Italy, in full respect of Libyan sovereignty and of the international conventions to which it is a party, has provided and will provide its support to the efforts undertaken by the Libyan authorities recognized by international bodies, also within the framework of the Memorandum of Understanding on cooperation to strengthen the fight against illegal immigration and human trafficking. Our country is committed to ensure full respect of human rights by the Libyan authorities and the improvement of humanitarian conditions of migrants and refugees in Libya.
Mentioning the involvement of international organizations in the management of the detention centers, he added:
We are doing and we will do all that is possible and impossible to ensure that all human rights are respected in the camps that are instituted, recognized and managed in partnership with international organizations such as the [UN High Commissioner for Refugees]; instead, illegal camps are a whole different thing. Clearly, if we succeed in crushing illegal human trafficking […] the documented violence will also cease.
The Minister’s words prompted some remarks on the lack of legitimacy of the Libyan partners as effective representatives of Libya. In particular, the opposition submitted that the “Libyan Government” is in fact a para-State entity lacking effective control and the “Libyan Coast Guard” an armed militia in charge of human trafficking, and accused the Government of providing them with uniforms and means to capture migrants.

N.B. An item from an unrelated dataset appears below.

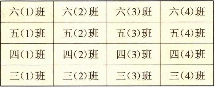 3. 下面是某校三至六年级各班在礼堂观看文艺演出的位置排列图。

The new Government in charge since August 2019 generally avoided to take a firm position on the Memorandum, stressing its compliance with international law and the Libyan requests while, at the same time and on different occasions, conceding that the Memorandum could be improved from a human rights perspective. For instance, after having underlined the key role it played in reducing arrivals and deaths at sea, at the 249th Meeting (XVIII Legislature) of the Chamber of Deputies, on 30 October 2019, the Minister of Foreign Affairs, Mr Luigi Di Maio, acknowledged that the Memorandum could be improved both in relation to the detention conditions in the centers and as regards the assistance provided to migrants at sea, particularly in light of the fact that Libya is not a party to the 1951 Geneva Convention on Refugees. On 6 November 2019, addressing the Chamber of Deputies (253rd Meeting, XVIII Legislature), the Minister of the Interior, Ms Luciana Lamorgese, also highlighted the necessity to consolidate the positive results that the Memorandum had produced in the fight against human trafficking and in the reduction of the migration influx towards Italian coasts, as well as in terms of access to the camps granted to international organizations. At the same time, stressing the importance of involving rather than isolating the Libyan authorities, Ms Lamorgese, too, stated that it was possible to aim for better results:
I am convinced that the Memorandum could be developed through further interventions, first of all by strengthening the initiatives aimed at the protection of human rights, the respect for the dignity of all persons, the support to situations of particular vulnerability, and by increasing the level of responsibility of the competent Libyan authorities.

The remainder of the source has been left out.